Po raz pierwszy w historii naszego samorządu o tym, czy jest szansa na reaktywację szczecińskiego zakładu stoczniowego będą debatować radni miejscy i wojewódzcy.
- Podczas sesji wstępną koncepcję zagospodarowania stoczni ma przedstawić właściciel terenów Towarzystwo Finansowe Silesia - mówi przewodniczący sejmiku Marek Tałasiewicz.
Były senator Prawa i Sprawiedliwości Krzysztof Zaremba uważa, że na sesji nie dowiemy się nic nowego.
Radny SLD Dariusz Wieczorek chce, aby to samorząd wreszcie zajął się przyszłością stoczni. - Jeśli rządowe agencje nie potrafią podejmować decyzji w tej sprawie i od czterech lat nic się nie dzieje w tej kwestii, to w naszej ocenie samorząd powinien wziąć sprawy w swoje ręce - uważa Wieczorek.
Przewodniczący sejmiku Marek Tałasiewicz zastrzegł jeszcze przed obradami, że podczas połączonego posiedzenia nie przewiduje się podejmowania uchwał.

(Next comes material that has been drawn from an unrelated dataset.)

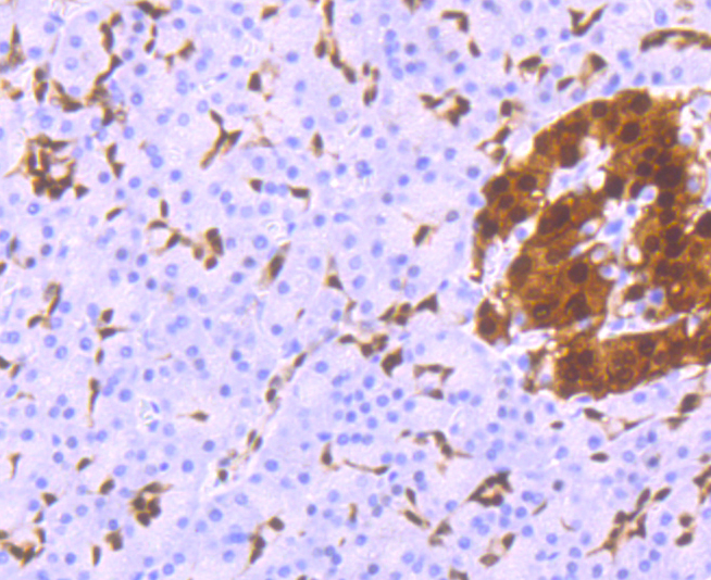Immunohistochemical analysis of paraffin-embedded human pancreas tissue using anti-PDX1 antibody. Counter stained with hematoxylin.

Na sesję zaproszenia nie dostała Solidarność. Związkowcy są rozgoryczeni. Podkreślają jednak, że mają pomysły odbudowy przemysłu okrętowego w Szczecinie, w oparciu o Gryfię oraz specjalny rządowy program.
- Do tego trzeba przekonać rząd - mówi przewodniczący regionalnej Solidarności Mieczysław Jurek. - Podstawa to przekonać premiera i koalicję, że inicjatywa rewitalizacji stoczni to być albo nie być dla Szczecina, bo to w Warszawie mogą być podjęte główne decyzje o finansowaniu tego projektu.
- Specjalna sesja dla wybranych nie przyczyni się do rozwiązania problemu - mówi z przekąsem Jurek. - Widocznie nie jesteśmy panom politykom do niczego potrzebni, oprócz tego, że przymusiliśmy ich do rozmowy na ten temat.
Na sali są: parlamentarzyści m.in. z PO i PiS-u, prezydent Szczecina, przedsiębiorcy i samorządowcy. Początek sesji w nietypowymi miejscu, bo w auli Uniwersytetu Szczecińskiego przy ul. Wielkopolskiej, o godzinie 10.